§ **What you are asked to do**:
Give back every line of the data exactly. Pictures are not part of the copy.

§ **Supplied information**:

[Start of section]

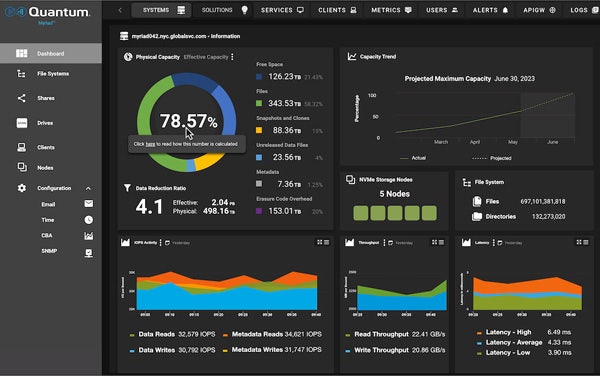 Quantum Myriad is an all-flash, scale-out file and object storage software platform built for the enterprise. With Myriad, enterprises can replace legacy disk-based storage systems with a software-defined, all-flash platform that provides faster performance, greater scale and a more sustainable and green solution that is both power- and real estate-efficient. The software is an expansion of Quantum’s portfolio of solutions for unstructured data and is ideally suited for emerging, high-growth use cases that require more performance and more scale. AI, machine learning, modern data lakes, VFX and animation are specific use cases driving the growth for scale-out file and object storage such as Myriad.
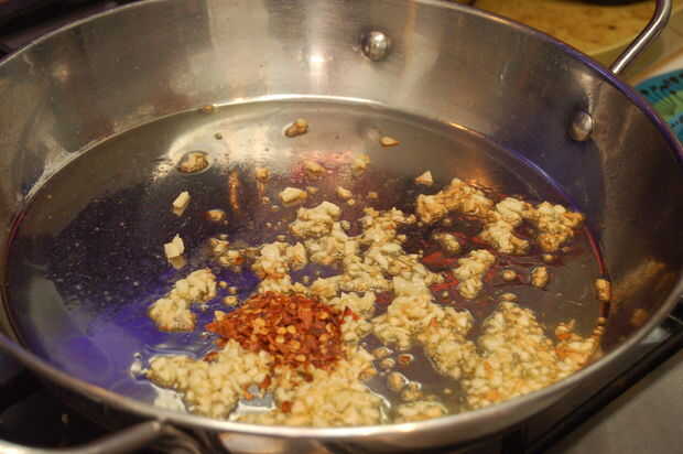 Con cuidado Vierta el aceite de la lata de anchoas y cocer los copos de ajo y Chile hasta que estén doradas.
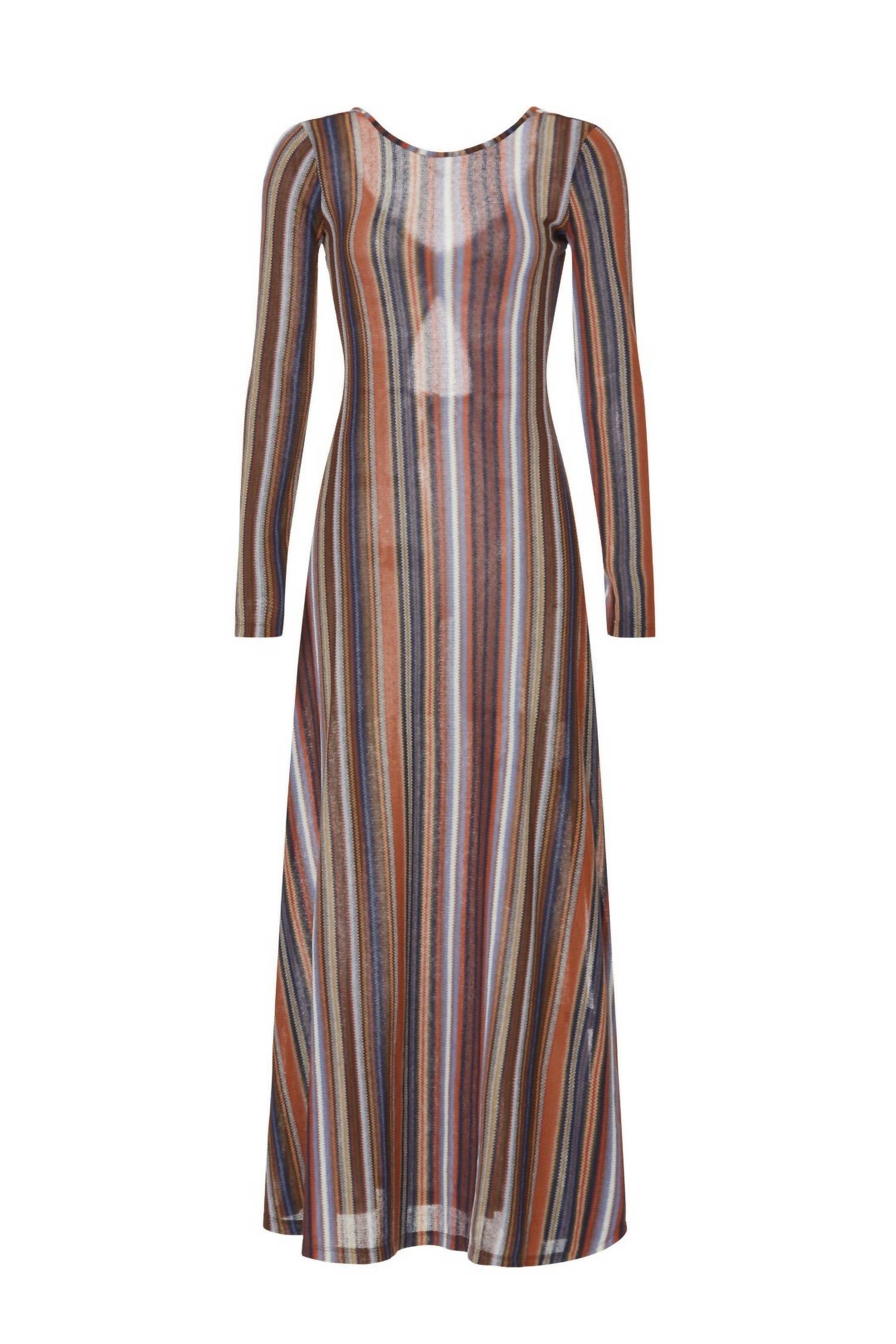Who doesn't love a good maxi dress? This one you'll be reaching for season after season. Introducing the Striped Reversible Dress by SOMETHING NAVY, the perfect addition to your holiday party wardrobe. This A-line maxi dress is crafted from a comfortable cotton blend and showcases a chic brown combo stripe pattern. The long sleeves and crewneck design make it ideal for spring occasions. Embrace versatile fashion with this elegant piece, tailored for women seeking style and sophistication.

[End of section]

§ **Response area**:
 Quantum Myriad is an all-flash, scale-out file and object storage software platform built for the enterprise. With Myriad, enterprises can replace legacy disk-based storage systems with a software-defined, all-flash platform that provides faster performance, greater scale and a more sustainable and green solution that is both power- and real estate-efficient. The software is an expansion of Quantum’s portfolio of solutions for unstructured data and is ideally suited for emerging, high-growth use cases that require more performance and more scale. AI, machine learning, modern data lakes, VFX and animation are specific use cases driving the growth for scale-out file and object storage such as Myriad.
 Con cuidado Vierta el aceite de la lata de anchoas y cocer los copos de ajo y Chile hasta que estén doradas.
Who doesn't love a good maxi dress? This one you'll be reaching for season after season. Introducing the Striped Reversible Dress by SOMETHING NAVY, the perfect addition to your holiday party wardrobe. This A-line maxi dress is crafted from a comfortable cotton blend and showcases a chic brown combo stripe pattern. The long sleeves and crewneck design make it ideal for spring occasions. Embrace versatile fashion with this elegant piece, tailored for women seeking style and sophistication.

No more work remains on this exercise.